09 September 2007

The Police - live at Twickenham Stadium 08/09/07

I didn't make any posts yesterday because Sally had bought me tickets, as an early birthday present, to see the reformed The Police in concert, at Twickenham Stadium in London and I can tell you IT WAS THE BEST GIG I HAVE EVER BEEN TO! The following is an approximation of the set list (they definitely played all these, not necessarily in this order, but it's close!):

  • Message in a Bottle
  • Synchronicity II
  • Walking on the Moon
  • Voice Inside My Head
  • When the World is Running Down You Make The Best of What's Still Around
  • Don't Stand So Close To Me
  • Driven to Tears
  • Hole in my Life
  • Truth Hits Everybody
  • Every Little Thing She Is Magic
  • Wrapped Around Your Finger
  • De Do Do Do De Da Da Da
  • Invisible Sun
  • Walking in Your Footsteps
  • I Can't Stand Losing You
  • Roxanne
  • (Encore) King of Pain
  • So Lonely
  • Every Breath You Take
  • Next to You

As a huge Police fan as a kid I was a bit worried that my childhood's favourite band would come back with a washed out middle of the road reworking of all their classics. When I've seen a solo Sting play the groups classics he's always reinterpreted them depending on his backing band and style of music he's playing at the time. I needn't have worried. Although Sting's voice is fuller and more mature this was classic Police.
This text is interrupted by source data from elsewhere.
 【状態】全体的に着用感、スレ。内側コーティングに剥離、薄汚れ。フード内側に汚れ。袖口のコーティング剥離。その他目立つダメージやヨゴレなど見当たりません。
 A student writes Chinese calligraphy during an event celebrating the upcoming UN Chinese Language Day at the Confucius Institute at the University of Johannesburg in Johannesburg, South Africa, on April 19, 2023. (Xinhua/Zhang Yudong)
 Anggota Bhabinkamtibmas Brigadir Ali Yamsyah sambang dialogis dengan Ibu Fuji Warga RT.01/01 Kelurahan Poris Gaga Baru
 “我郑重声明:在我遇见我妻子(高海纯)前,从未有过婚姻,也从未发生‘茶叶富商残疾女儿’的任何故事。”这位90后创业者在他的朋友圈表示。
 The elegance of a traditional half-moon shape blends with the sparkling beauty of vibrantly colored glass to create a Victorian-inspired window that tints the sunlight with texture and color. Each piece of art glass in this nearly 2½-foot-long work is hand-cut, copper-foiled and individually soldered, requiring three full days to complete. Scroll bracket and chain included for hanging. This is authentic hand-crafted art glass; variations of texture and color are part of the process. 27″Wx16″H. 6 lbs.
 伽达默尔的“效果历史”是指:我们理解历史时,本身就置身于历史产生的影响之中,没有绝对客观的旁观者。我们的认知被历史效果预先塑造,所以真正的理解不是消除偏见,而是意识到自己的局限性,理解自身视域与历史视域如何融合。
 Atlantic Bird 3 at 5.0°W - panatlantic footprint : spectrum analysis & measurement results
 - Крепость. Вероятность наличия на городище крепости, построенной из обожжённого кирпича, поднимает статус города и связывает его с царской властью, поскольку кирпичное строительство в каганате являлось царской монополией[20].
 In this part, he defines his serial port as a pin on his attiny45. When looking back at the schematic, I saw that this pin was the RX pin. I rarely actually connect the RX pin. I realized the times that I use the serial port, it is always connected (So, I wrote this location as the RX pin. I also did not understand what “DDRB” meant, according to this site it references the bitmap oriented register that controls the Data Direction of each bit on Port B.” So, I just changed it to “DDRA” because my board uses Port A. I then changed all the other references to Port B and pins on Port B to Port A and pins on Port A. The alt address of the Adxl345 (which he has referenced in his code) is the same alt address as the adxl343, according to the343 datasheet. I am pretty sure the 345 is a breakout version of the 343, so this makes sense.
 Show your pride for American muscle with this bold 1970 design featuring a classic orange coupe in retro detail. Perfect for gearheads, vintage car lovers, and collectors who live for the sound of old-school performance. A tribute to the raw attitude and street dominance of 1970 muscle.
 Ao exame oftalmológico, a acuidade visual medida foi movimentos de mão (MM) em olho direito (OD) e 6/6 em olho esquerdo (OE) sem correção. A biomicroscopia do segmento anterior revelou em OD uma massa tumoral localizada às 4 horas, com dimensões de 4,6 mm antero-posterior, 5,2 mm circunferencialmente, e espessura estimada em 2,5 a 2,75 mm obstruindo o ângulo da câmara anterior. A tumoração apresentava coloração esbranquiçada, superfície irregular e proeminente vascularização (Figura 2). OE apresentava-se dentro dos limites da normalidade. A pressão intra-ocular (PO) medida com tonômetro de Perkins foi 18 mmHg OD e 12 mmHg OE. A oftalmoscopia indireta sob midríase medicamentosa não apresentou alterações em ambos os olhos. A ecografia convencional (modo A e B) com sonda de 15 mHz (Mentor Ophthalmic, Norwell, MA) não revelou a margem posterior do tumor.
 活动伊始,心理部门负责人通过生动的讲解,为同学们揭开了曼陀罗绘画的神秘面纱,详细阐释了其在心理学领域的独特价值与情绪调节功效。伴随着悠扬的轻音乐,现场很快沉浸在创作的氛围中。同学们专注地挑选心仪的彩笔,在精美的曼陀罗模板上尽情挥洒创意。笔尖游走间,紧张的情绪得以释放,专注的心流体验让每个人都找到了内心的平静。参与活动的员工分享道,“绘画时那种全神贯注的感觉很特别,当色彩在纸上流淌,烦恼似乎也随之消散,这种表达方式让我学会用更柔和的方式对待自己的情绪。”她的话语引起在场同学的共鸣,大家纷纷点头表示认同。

Yes, there were slight reworkings but it was more of an extra Andy Summers guitar noodling or Stewart Copeland having a manic session on his extra percussion cymbals, tubular bells and massive gong.

From the lights going down to a huge cheer and them fading up to the riff from Message in a Bottle we all know we were in for a rocking night. All the classics were played and it seemed like it was just for the fans. The 55,000 that made it to west London must have had the average age of 45+ and they re-lived their youth (much in the way the three men on stage were) and sang and dance along to every song. It was electric.

The stage and lighting was deceptively simple, with the music doing the talking but the huge lighting/video screens enhanced the show with the famous yellow, blue and red paint stripes wiping across the screens to Synchronicity II and a huge 3D brontosaurus skeleton tramping across the stage to Walking in Your Footsteps. Sting has been accused in the past of preaching but the closest it got to that was the images of Third World Children staring from the screens during Invisible Sun. (Much of the political slant of The Police and especially Sting in his solo career has become mainstream these days anyway - remember this comes from an era pre-Live Aid).

And there's nothing like a concert where it looks like the band themselves are having as good a time as the crowd. Whatever the differences between the band in the past, there's no denying they "make beautiful music together". During So Lonely, Sting even sang in different verses "Welcome to the Andy Summers/Stewart Copeland show" (instead of "one man show").

They're such tight musicians, each were given a chance to shine. I still don't understand how Stewart's flailing arms and poly-rhythmic beats actually fit the songs like they do and Andy's guitar work is stunning. Sting's voice sounds better than ever and live you really notice just how integral his bass playing is. They are back performing together because it so much fun.

With the encore seeming to end on Every Breath You Take before a final flurry of All I Want is to Be Next to You Stewart summed it up as he left the stage when they left the stage: "This is our town - London. I'm American but this is where we come from, right here." It was a special homecoming. Sting had earlier announced it had been 23 years since they last played. Now old enough (or there abouts) to have bus passes they showed us that not all reunions have to be staid, purely cynical money making exercises but can be thrilling events that are done just cos everyone involved is just so damn good at it.

The Police were supported by Sting's son Joe's band Fiction Plane and Maximo Park. Fiction Plane were superb and I will certainly be checking out their CD. It was more than nepotism that made them worthy of taking the stage, it's rare that a band will grab my attention when I know none of their music previously. Joe certainly has his Dad's looks and his voice certainly has the Sting sound every now and then but they had their own sound and they rocked the few who had turned up early enough. Those who decided to watch the England football match on TV missed out.

It's a shame the same can't be said about Maximo Park. Very disappointing. Having caught part of their set at Glastonbury Festival I expected more but was just left feeling that it wasn't difficult to chose their singles, as they were the songs that had a melody of sorts. I can't see them returning in 23 years time to such a reception as the headlining act.